Gold and silver prices are soaring, fueled by a combination of factors including U.S.-China trade tensions, rising Indian seasonal demand, and the subcontinent’s solar buildout, according to precious metals analysts at Heraeus.
The recent rally in gold prices has been attributed to a weaker U.S. dollar and a pullback in yields following an improved U.S. inflation outlook. Heraeus analysts point to the decline in Treasury yields and a weaker dollar as factors contributing to gold’s appeal to international investors.
In addition, the ongoing trade tariff threats against China and robust Indian gold purchases around the May Akshaya Tritiya festival have further boosted gold prices.
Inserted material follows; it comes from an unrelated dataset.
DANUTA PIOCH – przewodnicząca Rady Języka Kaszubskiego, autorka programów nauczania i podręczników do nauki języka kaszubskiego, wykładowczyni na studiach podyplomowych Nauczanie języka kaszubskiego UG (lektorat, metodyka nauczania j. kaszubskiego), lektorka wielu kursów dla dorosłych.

Spot gold reached a record-high close of $2,408 per ounce last week and continued to climb, reaching just below $2,450 per ounce over the weekend.
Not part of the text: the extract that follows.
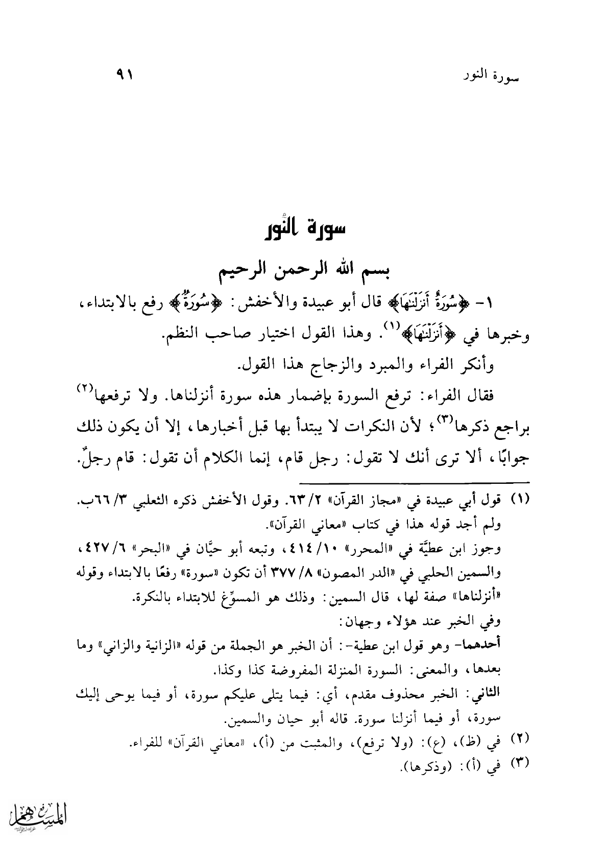 1 - {سُورَةٌ أَنْزَلْنَاهَا} قال أبو عبيدة والأخفش: {سُورَةٌ} رفع بالابتداء، وخبرها في {أَنْزَلْنَاهَا} (¬1). وهذا القول اختيار صاحب النظم.

On the silver front, Heraeus noted that India imported more silver in Q1 2024 than in all of 2023, with imports reaching approximately 3,730 tonnes. Indian demand for silver is expected to remain strong, driven by efforts to localize solar supply chains and the growth of the cell manufacturing sector.
Spot silver also experienced a strong rally, with Friday’s closing price of $30.63 per ounce the highest in over 11 years. Silver is finally catching up to gold, outperforming the yellow metal year-to-date. The gold:silver ratio has significantly decreased as a result.
As of the time of writing, spot silver was trading at $32.035 per ounce, up 0.72% on the session. Both gold and silver prices are expected to remain strong in the coming months, supported by multiple factors including geopolitical tensions and growing demand from India’s solar industry.